Enhancing Memory with Implantable Neural Prosthetics

3 April 2018
Giulio Prisco

The prosthetic memory research results released by Wake Forest Baptist Medical Center and USC (see below) indicate that brain implants could soon improve human memory.

“These results demonstrate the facilitation of memory encoding which is an important feature for the construction of an implantable neural prosthetic to improve human memory,” reads the research paper published by the scientists.

“This is the first time scientists have been able to identify a patient’s own brain cell code or pattern for memory and, in essence, ‘write in’ that code to make existing memory work better, an important first step in potentially restoring memory loss,” said Robert Hampson, professor of physiology/pharmacology and neurology at Wake Forest Baptist.

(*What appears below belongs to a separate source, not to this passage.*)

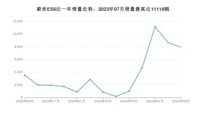 2023年9月,蔚来ES6销量为7896辆,同比增长125.15%,环比下降8.2%。2022年09月-2023年09月份,蔚来ES6销量为47190辆,同比下降12.33%。
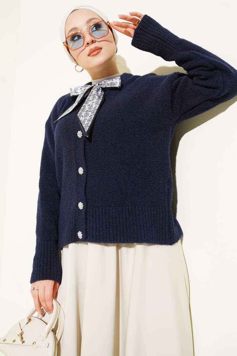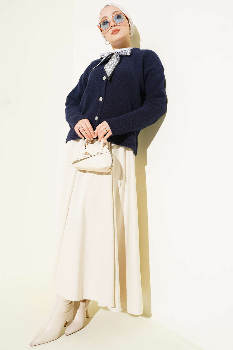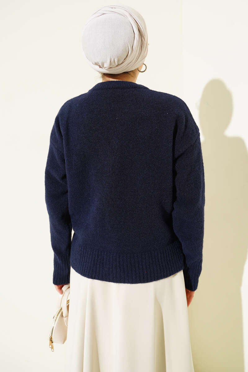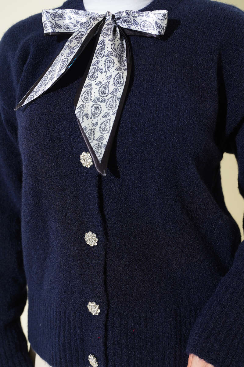 Düğme Detaylı Basic Triko Hırka Lacivert

“We showed that we could tap into a patient’s own memory content, reinforce it and feed it back to the patient,” continued Hampson. “Even when a person’s memory is impaired, it is possible to identify the neural firing patterns that indicate correct memory formation and separate them from the patterns that are incorrect. We can then feed in the correct patterns to assist the patient’s brain in accurately forming new memories, not as a replacement for innate memory function, but as a boost to it.”

Before delving into hard science news, one practical tip: It appears that a daily regimen of the non-prescription nonsteroidal anti-inflammatory drug ibuprofen can prevent the onset of Alzheimer's disease.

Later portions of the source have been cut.